CPU: i7-2600K @ 4300MHz - supports aesni.
RAM: 32GB
Kernel: 3.16-3-amd64
HDDs: WD Passport Ultra 2TB USB 3.0 x 3
LVM2: 2.0.2.111 --
pvcreate -M2 --dataalignment 512K /dev/sd[ijk]1
--------------- vgcreate wdultra /dev/sd[ijk]1
--------------- lvcreate -n wdbackup -i 3 -I 512 -l +1430769 wdultra
cryptsetup: 1.6.6 --
cryptsetup -v luksFormat /dev/wdultra/wdbackup
Filesystem: btrfs 3.17 --
mount -t btrfs -o noatime /dev/mapper/<device> /mnt/backup
I've created a luks container on top of LVM2, which is striped across the 3 HDDs. According to the benchmark, I can encrypt data at over 2000 MiB/s. The benchmark only uses a single core.
Code:
# cryptsetup benchmark
# Tests are approximate using memory only (no storage IO).

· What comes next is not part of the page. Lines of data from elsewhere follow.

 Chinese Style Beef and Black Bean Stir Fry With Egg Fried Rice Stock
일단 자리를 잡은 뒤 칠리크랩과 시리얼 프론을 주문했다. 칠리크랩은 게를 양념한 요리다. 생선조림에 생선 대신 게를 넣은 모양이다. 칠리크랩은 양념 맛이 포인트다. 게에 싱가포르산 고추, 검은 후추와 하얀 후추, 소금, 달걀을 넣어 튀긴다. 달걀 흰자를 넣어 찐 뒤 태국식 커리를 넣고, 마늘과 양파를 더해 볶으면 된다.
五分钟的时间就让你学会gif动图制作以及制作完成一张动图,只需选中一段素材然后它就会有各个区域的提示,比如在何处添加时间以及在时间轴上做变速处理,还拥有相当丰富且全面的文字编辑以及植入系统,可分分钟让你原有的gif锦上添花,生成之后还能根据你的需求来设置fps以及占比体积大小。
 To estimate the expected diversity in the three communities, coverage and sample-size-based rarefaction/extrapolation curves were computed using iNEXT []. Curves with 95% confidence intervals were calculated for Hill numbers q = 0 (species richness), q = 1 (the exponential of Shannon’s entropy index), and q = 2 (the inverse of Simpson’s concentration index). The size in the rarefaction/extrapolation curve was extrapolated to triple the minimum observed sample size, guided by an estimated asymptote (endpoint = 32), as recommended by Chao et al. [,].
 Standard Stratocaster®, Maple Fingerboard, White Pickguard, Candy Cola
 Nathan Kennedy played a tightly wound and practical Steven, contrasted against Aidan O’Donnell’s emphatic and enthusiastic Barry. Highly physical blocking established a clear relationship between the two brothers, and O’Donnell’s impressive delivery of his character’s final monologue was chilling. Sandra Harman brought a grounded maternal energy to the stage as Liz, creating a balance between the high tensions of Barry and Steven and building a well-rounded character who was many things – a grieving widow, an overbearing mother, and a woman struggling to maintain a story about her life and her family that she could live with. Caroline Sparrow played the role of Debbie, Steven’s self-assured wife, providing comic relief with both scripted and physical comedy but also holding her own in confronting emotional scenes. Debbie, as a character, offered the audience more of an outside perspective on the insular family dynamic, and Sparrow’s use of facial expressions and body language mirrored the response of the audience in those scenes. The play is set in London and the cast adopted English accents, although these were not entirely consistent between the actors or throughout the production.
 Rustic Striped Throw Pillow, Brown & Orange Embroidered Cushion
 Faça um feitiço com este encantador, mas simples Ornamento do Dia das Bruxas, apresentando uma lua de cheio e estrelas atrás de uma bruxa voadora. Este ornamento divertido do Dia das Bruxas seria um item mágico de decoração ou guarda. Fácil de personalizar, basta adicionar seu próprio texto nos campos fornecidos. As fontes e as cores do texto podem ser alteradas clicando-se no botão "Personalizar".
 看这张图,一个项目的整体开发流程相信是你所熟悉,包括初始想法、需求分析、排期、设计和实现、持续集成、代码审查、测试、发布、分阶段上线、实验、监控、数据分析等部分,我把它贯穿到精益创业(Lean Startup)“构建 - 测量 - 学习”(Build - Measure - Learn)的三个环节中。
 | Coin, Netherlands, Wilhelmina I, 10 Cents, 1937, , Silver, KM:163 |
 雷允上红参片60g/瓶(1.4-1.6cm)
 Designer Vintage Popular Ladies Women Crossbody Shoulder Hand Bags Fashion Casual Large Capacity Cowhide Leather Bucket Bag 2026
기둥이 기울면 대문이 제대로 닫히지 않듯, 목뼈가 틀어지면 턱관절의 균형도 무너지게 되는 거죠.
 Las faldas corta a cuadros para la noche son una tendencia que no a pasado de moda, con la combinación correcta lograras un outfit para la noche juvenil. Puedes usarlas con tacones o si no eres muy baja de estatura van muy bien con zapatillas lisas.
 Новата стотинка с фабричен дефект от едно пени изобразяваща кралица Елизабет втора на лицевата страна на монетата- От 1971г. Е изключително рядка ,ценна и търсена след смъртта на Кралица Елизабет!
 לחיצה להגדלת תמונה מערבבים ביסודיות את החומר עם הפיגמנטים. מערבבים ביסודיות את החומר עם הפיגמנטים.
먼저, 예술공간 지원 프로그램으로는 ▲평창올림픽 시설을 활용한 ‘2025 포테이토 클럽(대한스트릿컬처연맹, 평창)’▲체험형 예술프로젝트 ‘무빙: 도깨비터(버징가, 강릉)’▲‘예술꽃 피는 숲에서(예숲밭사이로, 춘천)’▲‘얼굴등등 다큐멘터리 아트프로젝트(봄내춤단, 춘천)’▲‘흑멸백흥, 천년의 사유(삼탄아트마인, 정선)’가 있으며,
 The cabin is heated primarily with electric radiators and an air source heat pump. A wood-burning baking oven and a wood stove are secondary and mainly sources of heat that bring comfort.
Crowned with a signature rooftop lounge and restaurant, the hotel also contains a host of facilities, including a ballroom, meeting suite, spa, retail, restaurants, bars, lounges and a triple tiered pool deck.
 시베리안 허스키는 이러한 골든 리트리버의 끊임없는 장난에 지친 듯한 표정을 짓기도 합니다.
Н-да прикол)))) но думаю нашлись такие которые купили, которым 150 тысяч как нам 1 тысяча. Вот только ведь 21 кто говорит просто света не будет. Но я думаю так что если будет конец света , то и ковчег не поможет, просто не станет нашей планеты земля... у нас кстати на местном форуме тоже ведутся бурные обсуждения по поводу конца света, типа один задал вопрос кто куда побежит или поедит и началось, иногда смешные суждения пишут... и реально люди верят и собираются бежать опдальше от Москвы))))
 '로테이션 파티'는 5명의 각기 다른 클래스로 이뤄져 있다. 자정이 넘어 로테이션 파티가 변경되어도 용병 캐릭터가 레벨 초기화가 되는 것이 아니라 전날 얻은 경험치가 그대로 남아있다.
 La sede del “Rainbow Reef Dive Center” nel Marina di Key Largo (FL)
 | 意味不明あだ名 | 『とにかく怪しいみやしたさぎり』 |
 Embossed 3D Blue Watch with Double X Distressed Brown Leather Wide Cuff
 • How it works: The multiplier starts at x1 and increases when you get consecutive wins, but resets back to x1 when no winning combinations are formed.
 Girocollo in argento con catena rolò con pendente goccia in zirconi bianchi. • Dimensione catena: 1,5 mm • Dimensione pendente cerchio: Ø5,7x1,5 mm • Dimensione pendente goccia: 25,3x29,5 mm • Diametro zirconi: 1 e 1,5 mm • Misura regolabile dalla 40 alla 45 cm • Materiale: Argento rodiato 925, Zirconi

PBKDF2-sha1 1242388 iterations per second
PBKDF2-sha256 732245 iterations per second
PBKDF2-sha512 595781 iterations per second
PBKDF2-ripemd160 708497 iterations per second
PBKDF2-whirlpool 267493 iterations per second
# Algorithm | Key | Encryption | Decryption
aes-cbc 128b 738.2 MiB/s 2525.3 MiB/s
serpent-cbc 128b 93.6 MiB/s 364.0 MiB/s
twofish-cbc 128b 209.1 MiB/s 394.1 MiB/s
aes-cbc 256b 544.2 MiB/s 1929.9 MiB/s
serpent-cbc 256b 93.6 MiB/s 364.8 MiB/s
twofish-cbc 256b 210.6 MiB/s 395.9 MiB/s
aes-xts 256b 2198.6 MiB/s 2199.0 MiB/s
serpent-xts 256b 378.0 MiB/s 358.6 MiB/s
twofish-xts 256b 390.9 MiB/s 389.3 MiB/s
aes-xts 512b 1704.8 MiB/s 1713.5 MiB/s
serpent-xts 512b 378.2 MiB/s 359.1 MiB/s
twofish-xts 512b 389.2 MiB/s 390.1 MiB/s
hdparm shows the throughput of the 3 drives together can easily hit at least 300 MiB/s.
Code:
# hdparm -tT /dev/wdultra/wdbackup
/dev/wdultra/wdbackup:
Timing cached reads: 24850 MB in 2.00 seconds = 12435.30 MB/sec
Timing buffered disk reads: 896 MB in 3.00 seconds = 298.34 MB/sec
When I run rsync to backup to the 3 HDDs without cryptsetup, I can regularly write data at 320 MiB/s. When I use cryptsetup using the options I mentioned above, that throughput seems to be cut in half, and all 8 cores seems to be maxed with I/O traffic.
I would think the CPU was waiting for the slower I/O of the HDDs, instead of the HDDs waiting for the CPU to process the data.